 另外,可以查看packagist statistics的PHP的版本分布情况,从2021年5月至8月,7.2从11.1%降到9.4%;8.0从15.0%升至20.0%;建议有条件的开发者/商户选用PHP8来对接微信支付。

▬▬▬▬▬▬

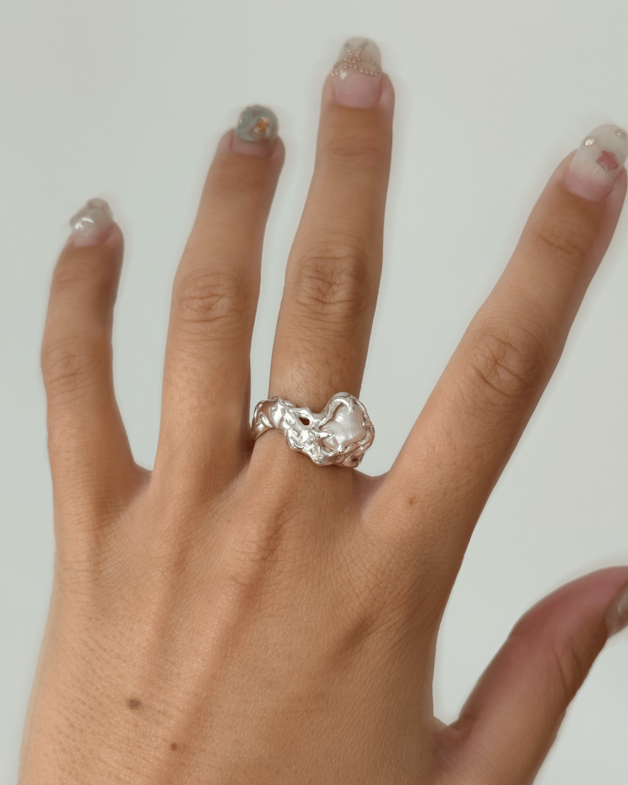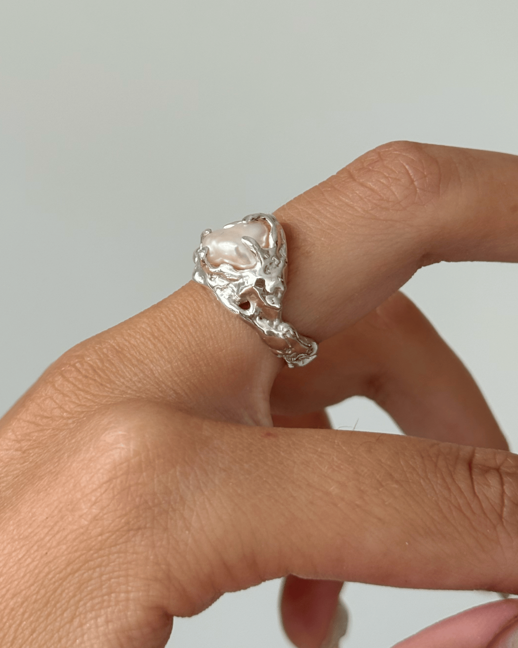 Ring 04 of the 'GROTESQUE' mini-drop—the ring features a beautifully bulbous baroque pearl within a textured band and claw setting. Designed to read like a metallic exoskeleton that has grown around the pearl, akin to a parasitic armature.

▬▬▬▬▬▬

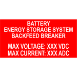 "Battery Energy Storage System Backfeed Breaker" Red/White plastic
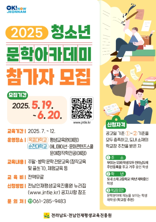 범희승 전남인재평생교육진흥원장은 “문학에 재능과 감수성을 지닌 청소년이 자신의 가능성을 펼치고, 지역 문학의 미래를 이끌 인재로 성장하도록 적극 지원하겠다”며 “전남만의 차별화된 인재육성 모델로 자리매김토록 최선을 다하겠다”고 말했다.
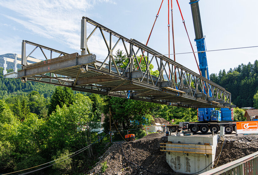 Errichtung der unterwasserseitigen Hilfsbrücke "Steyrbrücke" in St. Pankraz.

▬▬▬▬▬▬

Those lines of the records above that run from the one containing "Energy Storage System" through the one containing "Errichtung der unterwasserseitigen" should be returned exactly, with no pictures among them.

 "Battery Energy Storage System Backfeed Breaker" Red/White plastic
 범희승 전남인재평생교육진흥원장은 “문학에 재능과 감수성을 지닌 청소년이 자신의 가능성을 펼치고, 지역 문학의 미래를 이끌 인재로 성장하도록 적극 지원하겠다”며 “전남만의 차별화된 인재육성 모델로 자리매김토록 최선을 다하겠다”고 말했다.
 Errichtung der unterwasserseitigen Hilfsbrücke "Steyrbrücke" in St. Pankraz.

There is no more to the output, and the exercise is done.